Constrained DecodingA technique that limits which tokens an LLM can output to a predefined set. Here it forces only "pass" and "fail" to block unnecessary reasoning.

TTFTTime-to-First-Token. The time from sending a request to receiving the first token. The key metric for user-perceived response speed.

Agentic RAGInstead of searching once and stopping, this autonomously evaluates results and searches again or calls tools if insufficient — a self-directed loop pattern for RAG.

RAGAS FaithfulnessA score (0-1) measuring how faithful generated answers are to retrieved context. Higher means less hallucination.

Hard NegativeA document that looks related on the surface but is actually irrelevant to the real answer. A "trap document" that retrieval systems are prone to getting fooled by.
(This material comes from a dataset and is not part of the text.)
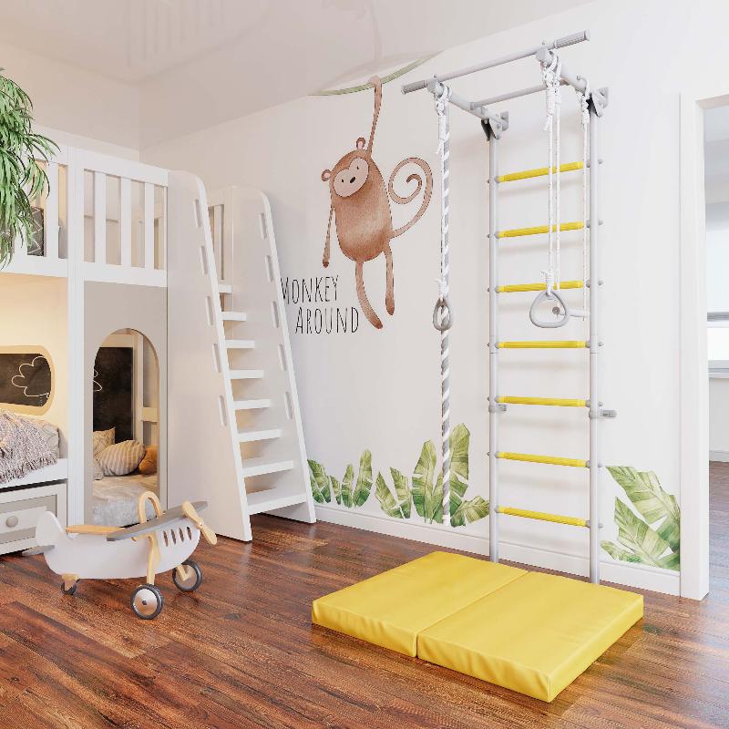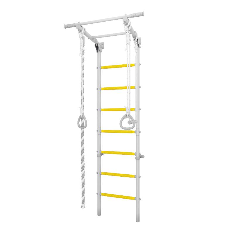Пастельные оттенки ступеней идеально сочетаются с серым корпусом, благодаря чему спортивный уголок гармонично вписывается в любой интерьер.

MCPModel Context Protocol. A protocol created by Anthropic that enables AI models to call external tools (search, DB, etc.) in a standardized way.

Related Resources

Original Abstract (Expand)

Retrieval-Augmented Generation (RAG) grounds Large Language Models (LLMs) to mitigate factual hallucinations. Recent paradigms shift from static pipelines to Modular and Agentic RAG frameworks, granting models autonomy for multi-hop reasoning or self-correction. However, current reflective RAG heavily relies on massive LLMs as universal evaluators. In high-throughput systems, executing complete forward passes for billion-parameter models merely for binary routing introduces severe computational redundancy. Furthermore, in autonomous agent scenarios, inaccurate retrieval causes models to expend excessive tokens on spurious reasoning and redundant tool calls, inflating Time-to-First-Token (TTFT) and costs. We propose Tiny-Critic RAG, decoupling evaluation by deploying a parameter-efficient Small Language Model (SLM) via Low-Rank Adaptation (LoRA). Acting as a deterministic gatekeeper, Tiny-Critic employs constrained decoding and non-thinking inference modes for ultra-low latency binary routing. Evaluations on noise-injected datasets demonstrate Tiny-Critic RAG achieves routing accuracy comparable to GPT-4o-mini while reducing latency by an order of magnitude, establishing a highly cost-effective paradigm for agent deployment.